Many a man proclaims his own loyalty, but who can find a trustworthy man? A righteous man who walks in his integrity--how blessed are his sons after him. Proverbs 20:6-7

I have a list of blogs I want to write, and this one has been on the list for a bit. It was pushed up on the list by the appearance this week on facebook of a list of ten things teenage girls should know (or something like that...I'm not sure of the title). And it's not that I disagree with those things at all--I am, after all, the mother of two girls, and I want them to know all the things on that list. But I'm also the mother of a boy, and I know and love many teenage boys who have come into my life as a teacher or here on the field or at my home church, young men I've come to really admire and appreciate. So really, this is an open letter to those guys, the ones I've watched grow up, the ones I've taught, the ones who call me Aunt Kellye. Because I'm convinced that our society is not doing you justice, and I think there are some things you should know. But a warning--if you're not a believer, some of this won't make a lot of sense to you. So with that caveat, here's my list of things you should know.

--Don't buy into the American pop culture view of men. Look at the tv shows that are popular, and what you often see is that the teenage guy (or the man, even) is portrayed as wimpy, stupid or both. You are not any of those things. And someday, God is going to ask you to lead--a business, a mission, a church, a wife and kids--and you cannot do that well if you are those things. So don't buy it.

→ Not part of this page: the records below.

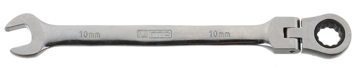 This is 10 mm Combination Ratchet Spanner Pivot Head; Flexible 160 mm Length manufactured by RS Pro. The manufacturer part number is 487-220. A quality product with a nice chrome finish. The product is made from highly stable and reliable chrome vanadium steel. The product is available in 10 mm size.
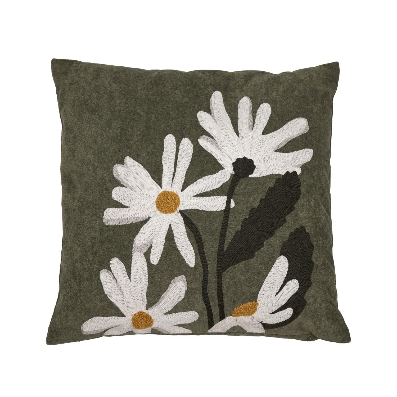 Ett stilrent kuddfodral med stora, broderade blommor i vitt och gult som blir en elegant och iögonfallande detalj i rummet. De broderade motivet ger en känsla av hantverk och lyx, medan det gröna sammetslena tyget skapar en mjuk och behaglig känsla.
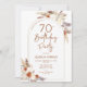 Invitación a la fiesta de cumpleaños número 70 en terracota naranja quemado y blanco. Hermoso diseño minimalista moderno con acentos botánicos pintados a mano. Presenta pasto pampas, hojas, rosas y tipografía de escritura. La temática del desierto de estilo bohemio moderno es perfecta para otoño, invierno, primavera o verano. Puede seleccionar invitaciones impresas y/o una plantilla digital de descarga instantánea. Perfecto para una elegante celebración de los 70 cumpleaños femenina.
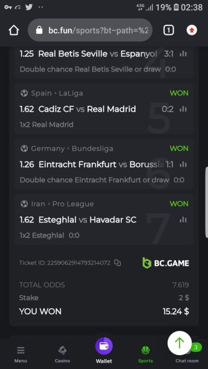 Bet ID : 1786038621089310225 https://bc.co/#/sd/11OY5ADBD5NY8R BET ID : 1786290941245085475 https://bc.co/#/sd/11P51PE0ICX5C7 BET ID : 1786292796559783457 https://bc.co/#/sd/11P53I45MT1Z5Z BET ID : 1786907320482199098 https://bc.co/#/sd/11PLWM4I1C81ZN
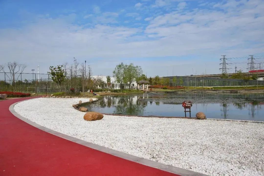 园内健身步道、儿童乐园、足球场、科普馆等健身、娱乐、文化活动场所一应俱全。健身步道设置了1公里内圈跑道和2公里外圈跑道,喜欢跑步的小伙伴可以在这里运动。此外,还设有儿童乐园,孩子们可以在这里尽情玩耍。
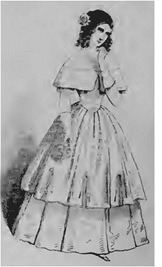 La coiffure, nous le répétons, est dans tout son éclat; elle est tantôt riche, tantôt simple; quelquefois c'est une torsade de velours avec des pompons de chaque côté de la tête, à côté d'une coiffure algérienne aux broderies et franges d'or; ou bien encore de longues barbes gothiques attachées par un peigne dont chaque camée peut faire l'admiration d'un antiquaire; puis un petit bord en velours noir posé sur la tête et retenu par quatre épingles en magnifiques pierreries, pu encore un bonnet espagnol en dentelle noire avec des roses. Ces variétés donnent beaucoup d'éclat à un cercle.
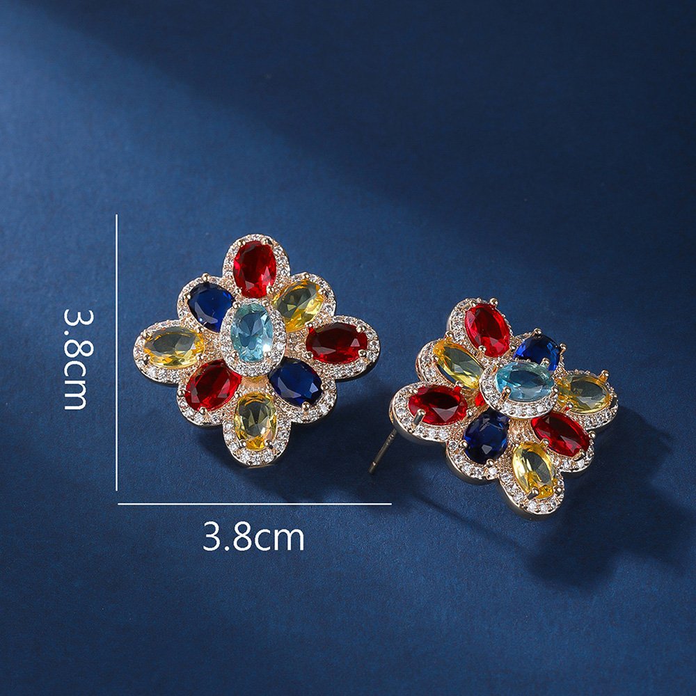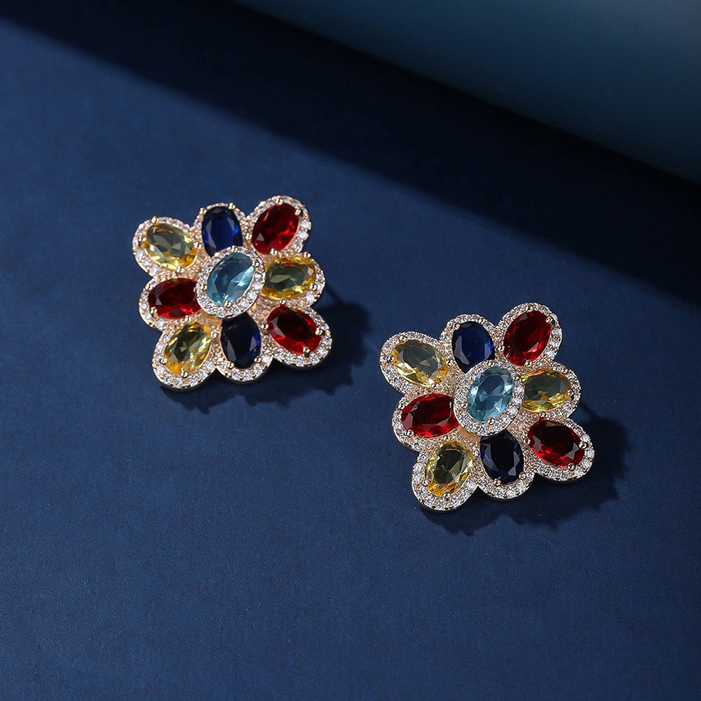 Wholesale multicolor flower earrings with red, blue, and yellow zircons on 14K gold plated brass from JuneJewelry.com – luxury floral jewelry for bulk orders.

--Be who you are. Maybe you're into sports. That's great. Maybe you're into music. That's also great. I am the mother of two girls, and I can tell you that being dedicated and committed to something is an attractive quality in their eyes. So whatever it is that interests you (unless, of course, it's something immoral), pursue it with gusto. Girls like that. I swear.

--Be a Christian. A real one. Not a Sunday-you're-at-church-but-on-Monday-nobody-can-tell-a-difference-between-you-and-everyone-else-in-your-school one. That is NOT attractive.

--Only date Christian girls. And only date real Christian girls. Or maybe don't date until you're older and can handle it. Because the Bible is super clear about this area of your life. God clearly says not to be unequally yoked with an unbeliever. He means in your dating life, too. And if you don't share the same morals and values, if you're not both Jesus lovers, then what happens in your pickup truck on the way home will get out of hand and outside of the boundaries you definitely want to set for yourself. Even if you are both Jesus lovers, it can get outside of the boundaries way too fast. So maybe don't get into pickup trucks with girls. :)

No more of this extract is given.